Epoch 500, Loss 10.708596
Epoch 1000, Loss 8.642083
Epoch 1500, Loss 7.171005
Epoch 2000, Loss 6.123478
Epoch 2500, Loss 5.377227
Epoch 3000, Loss 4.845286
Epoch 3500, Loss 4.465788
Epoch 4000, Loss 4.194724
Epoch 4500, Loss 4.000802
Epoch 5000, Loss 3.861744


tensor([-0.8881,  0.5570, -0.8753], requires_grad=True)

In [None]:
n_samples = t_u.shape[0]
n_val = int(0.2 * n_samples)

shuffled_indices = torch.randperm(n_samples)

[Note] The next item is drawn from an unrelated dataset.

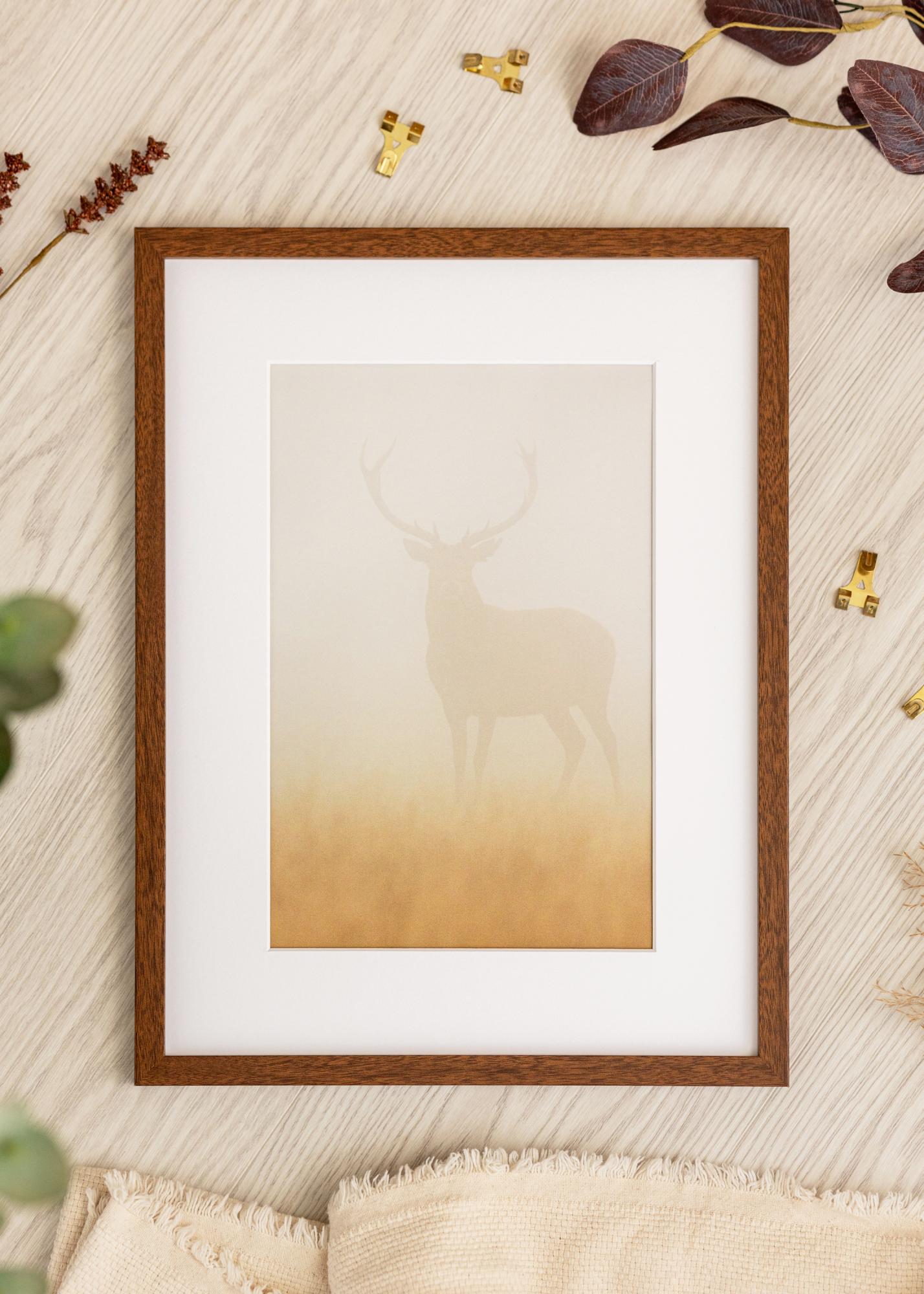 Dieser elegante braune Rahmen mit Passepartout ist perfekt, um Ihre Lieblingsbilder hervorzuheben. Mit einer Bildgröße von 30x40 cm und einem weißen Passepartout wird eine schöne Rahmung geschaffen, die Ihrem Motiv zusätzliche Tiefe und Fokus verleiht. Das Passepartout schützt Ihr Bild auch davor, direkt mit dem Glas in Kontakt zu kommen, was Schäden verhindern und die Bildqualität im Laufe der Zeit bewahren kann.

train_indices = shuffled_indices[:-n_val]
val_indices = shuffled_indices[-n_val:]

train_indices, val_indices

(tensor([ 9,  4, 10,  8,  0,  3,  7,  5,  1]), tensor([6, 2]))

In [None]:
train_t_u = t_u[train_indices]
train_t_c = t_c[train_indices]

val_t_u = t_u[val_indices]
val_t_c = t_c[val_indices]

train_t_un = 0.1 * train_t_u
val_t_un = 0.1 * val_t_u

In [None]:
def training_loop(n_epochs, optimizer, params, train_t_u, val_t_u,
                  train_t_c, val_t_c):
    for epoch in range(1, n_epochs + 1):
        train_t_p = model(train_t_u, *params)
        train_loss = loss_fn(train_t_p, train_t_c)
                             
        val_t_p = model(val_t_u, *params)
        val_loss = loss_fn(val_t_p, val_t_c)
        
        optimizer.zero_grad()
        train_loss.backward()
        optimizer.step()

        if epoch <= 3 or epoch % 500 == 0:
            print(f"Epoch {epoch}, Training loss {train_loss.item():.4f},"
                  f" Validation loss {val_loss.item():.4f}")
            
    return params

In [None]:
params = torch.tensor([1.0, 1.0, 0.0], requires_grad=True)
learning_rate = 1e-4
optimizer = optim.SGD([params], lr=learning_rate)

training_loop(
    n_epochs = 5000, 
    optimizer = optimizer,
    params = params,
    train_t_u = train_t_un,
    val_t_u = val_t_un,
    train_t_c = train_t_c,
    val_t_c = val_t_c)

Epoch 1, Training loss 742.5377, Validation loss 375.4495
Epoch 2, Training loss 416.5768, Validation loss 208.6635
Epoch 3, Training loss 236.7594, Validation loss 116.8267
Epoch 500, Training loss 12.0186, Validation loss 3.4329
Epoch 1000, Training loss 9.5043, Validation loss 2.5997
Epoch 1500, Training loss 7.7160, Validation loss 2.2386
Epoch 2000, Training loss 6.4436, Validation loss 2.1767
Epoch 2500, Training loss 5.5379, Validation loss 2.2969
Epoch 3000, Training loss 4.8927, Validation loss 2.5207
Epoch 3500, Training loss 4.4327, Validation loss 2.7964
Epoch 4000, Training loss 4.1043, Validation loss 3.0907
Epoch 4500, Training loss 3.8694, Validation loss 3.3826
Epoch 5000, Training loss 3.7010, Validation loss 3.6600


tensor([-1.0695,  0.5798, -0.9587], requires_grad=True)

In [None]:
params = torch.tensor([1.0, 1.0, 0.0], requires_grad=True)
learning_rate = 1e-1
optimizer = optim.Adam([params], lr=learning_rate)

training_loop(
    n_epochs = 5000, 
    optimizer = optimizer,
    params = params,
    train_t_u = train_t_u,
    val_t_u = val_t_u,
    train_t_c = train_t_c,
    val_t_c = val_t_c)

Epoch 1, Training loss 12849290.0000, Validation loss 6580289.0000
Epoch 2, Training loss 10398391.0000, Validation loss 5324670.5000
Epoch 3, Training loss 8215151.0000, Validation loss 4206235.0000
Epoch 500, Training loss 5.3014, Validation loss 2.2282
Epoch 1000, Training loss 3.7736, Validation loss 3.2903
Epoch 1500, Training loss 3.2679, Validation loss 4.5707
Epoch 2000, Training loss 3.1677, Validation loss 5.2880
Epoch 2500, Training loss 3.1291, Validation loss 5.5075
Epoch 3000, Training loss 3.0860, Validation loss 5.5392
Epoch 3500, Training loss 3.0320, Validation loss 5.5329
Epoch 4000, Training loss 2.9649, Validation loss 5.5209
Epoch 4500, Training loss 2.8829, Validation loss 5.5066
Epoch 5000, Training loss 2.7845, Validation loss 5.4902


tensor([-0.0877,  0.0059, -2.7560], requires_grad=True)

The resulting loss is higher using the new model compared to the previous one. The validation loss also reached a lower point than the training loss in the earlier stage of epoch.